Der Verfasser wendet sich dann der
Fortgeltung des Zufluchtrechts nach Aufhebung des Reichserbhofgesetzes durch
das Kontrollratsgesetz Nr. 45 vom 20. 2. 1947 zu. Für die bei dessen
Inkrafttreten am 24. 4. 1947 bereits „geregelten Nachlässe“ – ein nur aus dem
angloamerikanischen Recht zu erklärender Begriff (S. 279-285) – blieben die
Versorgungsansprüche des Reichserbhofgesetzes und damit auch das Zufluchtrecht
bestehen. Die in den vier Besatzungszonen unterschiedlich verlaufende
Entwicklung des Landwirtschaftsrechts führte zwangsläufig zu Unterschieden in
der Handhabung des Zufluchtrechts, die der Verfasser im einzelnen aufzeigt (S.
288-304: britische Zone, S. 304-326: amerikanische und französische Zone; S.
334-342: Sowjetzone). Gerichtsentscheidungen über den Anspruch auf
Heimatzuflucht waren in den Jahren um 1950 noch an der Tagesordnung; später
findet man sie nur noch vereinzelt (S. 330-333, 338); die jüngste vom Verfasser
zitierte und wohl auch letzte veröffentlichte Entscheidung ist ein Beschluss
des Oberlandesgerichts Stuttgart vom 26. 5. 1981. Anspruchsberechtigte kann es
auch heute noch geben; über tatsächliche Inanspruchnahme des Rechts im
gegenwärtigen Zeitpunkt scheint aber nichts bekannt zu sein. In jedem Fall wäre
das Verhältnis des Zufluchtrechts zu familienrechtlichen und sozialrechtlichen
Ansprüchen zu bedenken (ausgeführt S. 347-350). Die vom Verfasser angesprochene
Frage nach der Verfassungsmäßigkeit des Rechts (S. 343-346) ist hingegen ein
Scheinproblem. Die Geltung unter dem Grundgesetz für Erbfälle, die am 24. 4.
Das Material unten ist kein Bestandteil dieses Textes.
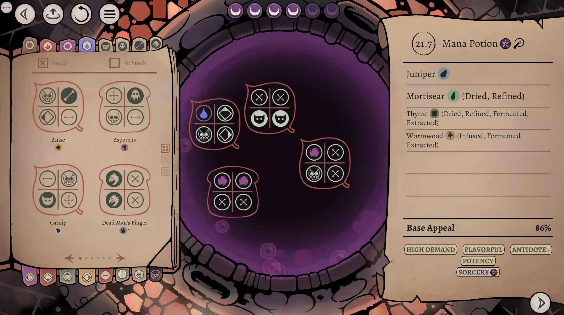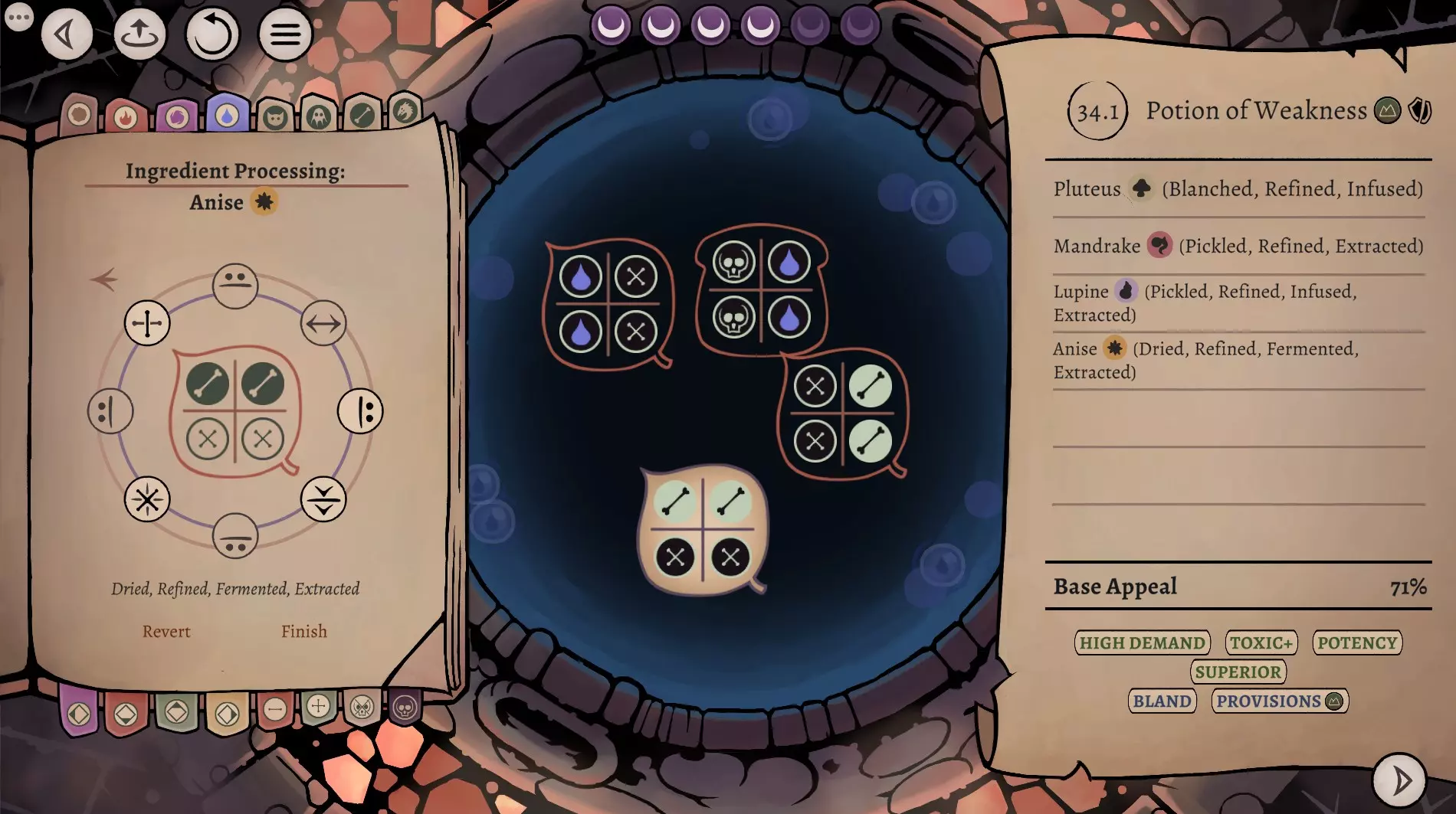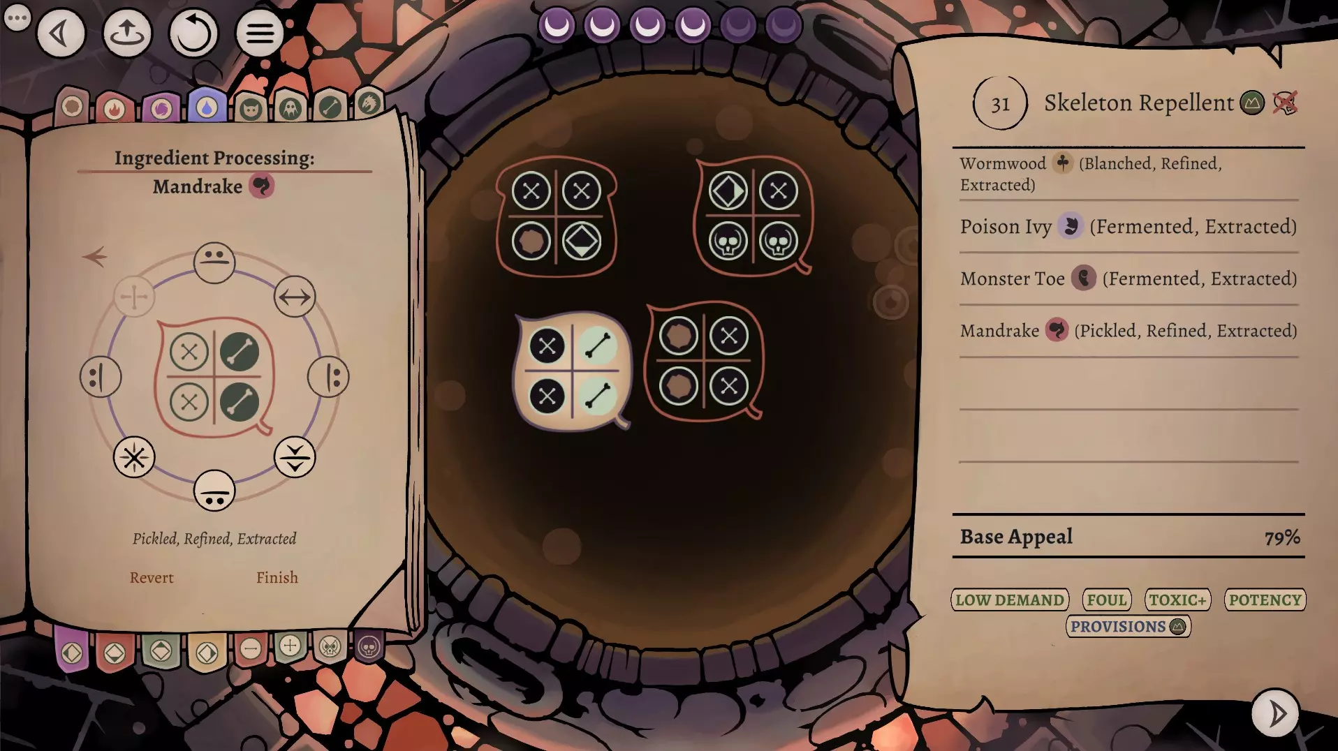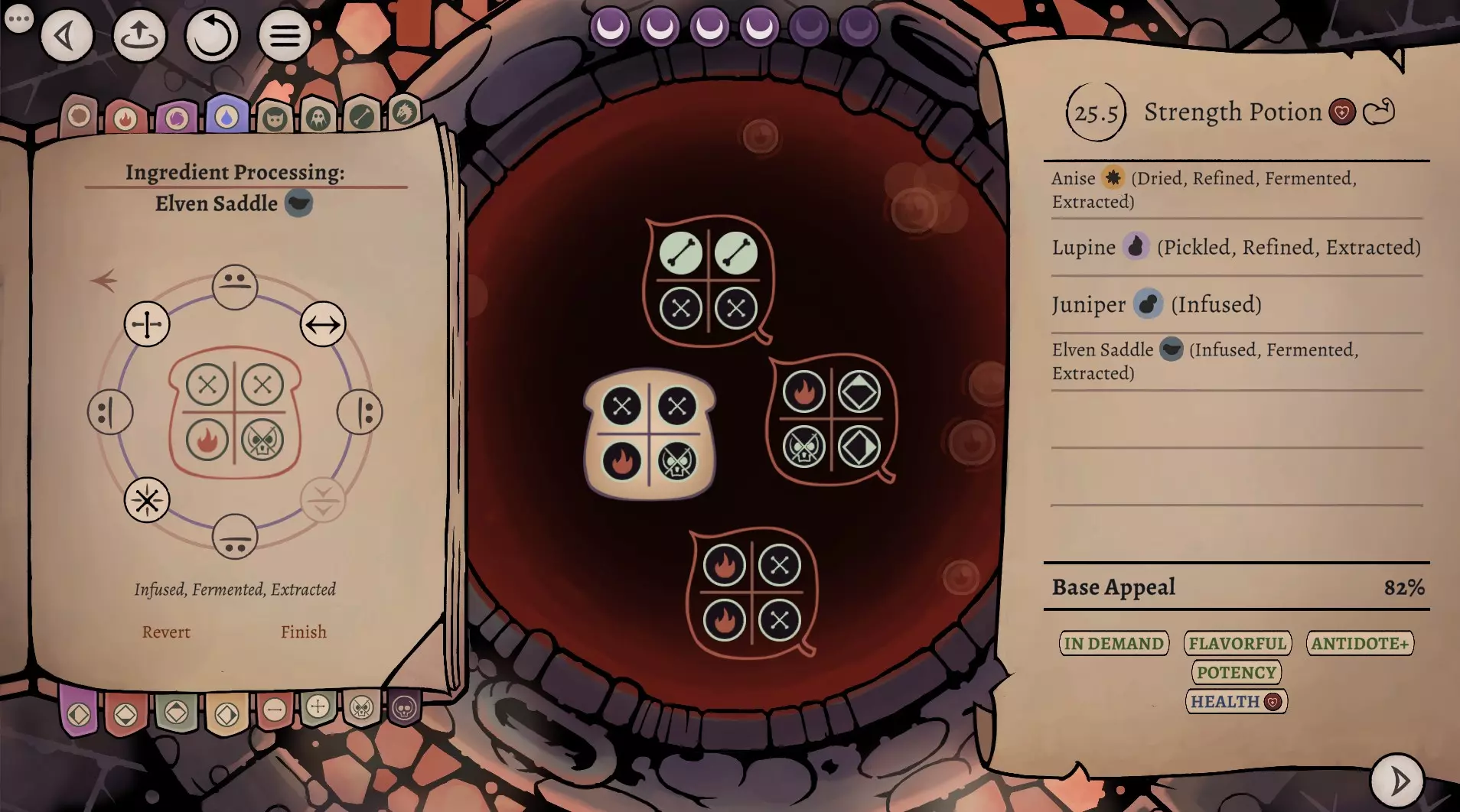 这是《药剂大亨》正式版大师难度的终局药剂配方指南,分享了通关用的16种终极药剂配方,包含后期生命、法术、配置等药剂,所有药剂使用相同瓶盖、瓶子和小饰品来优化利润,还展示了炼金界面及各药剂的原料处理、配方详情。
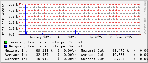 <h1>Traffic Analysis for Vl400 -- frl-rt-109.ns.uwaterloo.ca</h1> <div id="sysdetails"> <table> <tr> <td>System:</td> <td>frl-rt-109.ns.uwaterloo.ca in FRL 109</td> </tr> <tr> <td>Maintainer:</td> <td>noc@uwaterloo.ca</td> </tr> <tr> <td>Description:</td> <td>Vlan400 frl-voip </td> </tr> <tr> <td>ifType:</td> <td>propVirtual (53)</td> </tr> <tr> <td>ifName:</td> <td>Vl400</td> </tr> <tr> <td>Max Speed:</td> <td>10.0 Gbits/s</td> </tr> <tr> <td>Ip:</td> <td>172.30.193.33 (v411-frl-rt-109.ns.uwaterloo.ca)</td> </tr> </table> </div>
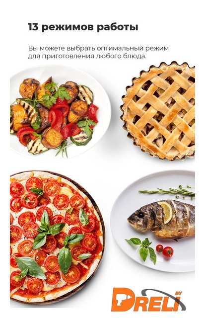 Режимы работы | вентиляционный нагрев, гриль + конвекция, нижний + вентиляционный нагрев, размораживание |
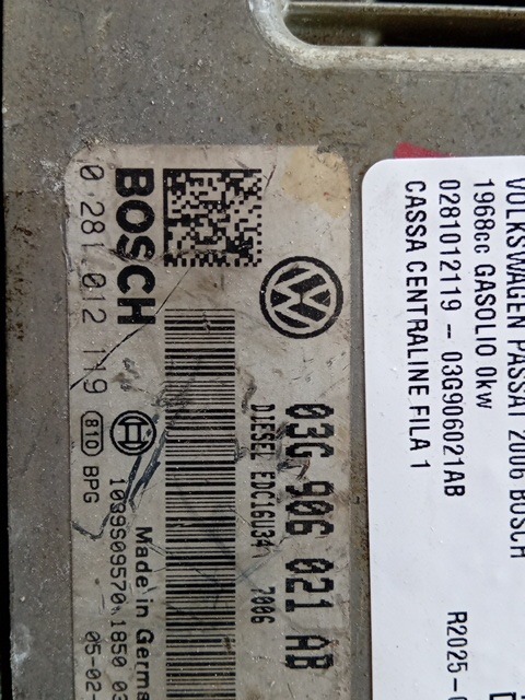 | Descrizione breve | CENTRALINA MOTORE VOLKSWAGEN PASSAT 2006 2.0 T.D. 140CV BOSCH 0281012119 - 03G906021AB |
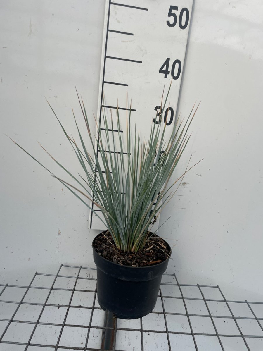 Vintergrönt prydnadsgräs med styva blågrå blad. Höjd cirka 80 cm. Gullila blomställningar i maj - juni. Ändrar färg till halmgult. Sol - lätt skugga. Kräver väl dränerad, humusrik jord. Vacker solitärväxt.
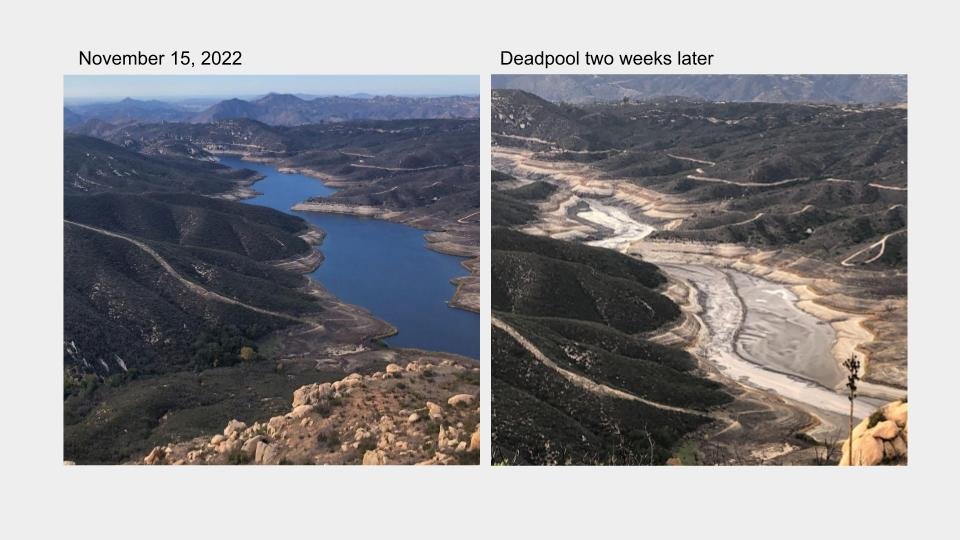 The general manager, Carlos Quintero, said the Sweetwater Authority still values dewatering Loveland, which is draining it completely. Outside of some emergency, the earliest the process would start would be October, and with historical patterns, it would be done by March 2026, IF Sweetwater is allowed to do it and chooses to do it. The GM says he can. Maybe he can, but knows it's not a good idea by now. Perhaps he can't, but doesn't know it yet.

1947 bereits geregelt waren, beruht auf dem Kontrollratsgesetz Nr. 45, so dass
Überlegungen zur Gesetzgebungskompetenz auf Grund des Ermächtigungsgesetzes
nicht angezeigt waren, und für Zweifel an seiner materiellen Vereinbarkeit mit
dem Grundgesetz findet der Verfasser selbst keinen rechten Ansatzpunkt, zumal
seine Ausführungen zeigen, dass er einen „Verstoß gegen fundamentale Prinzipien
der Gerechtigkeit“ (BVerfGE 15, 337, 342) nicht in der Gewährung des
Zufluchtrechts, sondern allenfalls in der Beschränkung der Ansprüche der nicht
zur Hofnachfolge gelangenden Abkömmlingen auf dieses Recht sehen würde.
Die Arbeit macht mit einem angesichts
der gegenwärtigen Diskussion über das Pflichtteilsrecht nicht nur historisch,
sondern auch rechtspolitisch interessanten Thema bekannt. Sie enthält eine
Fülle von zeitgeschichtlich aufschlussreichem Material. Eine präzisere
Darstellung und die Beseitigung der vielen störenden sprachlichen
(grammatischen wie stilistischen) Mängel hätten ihr aber gut getan.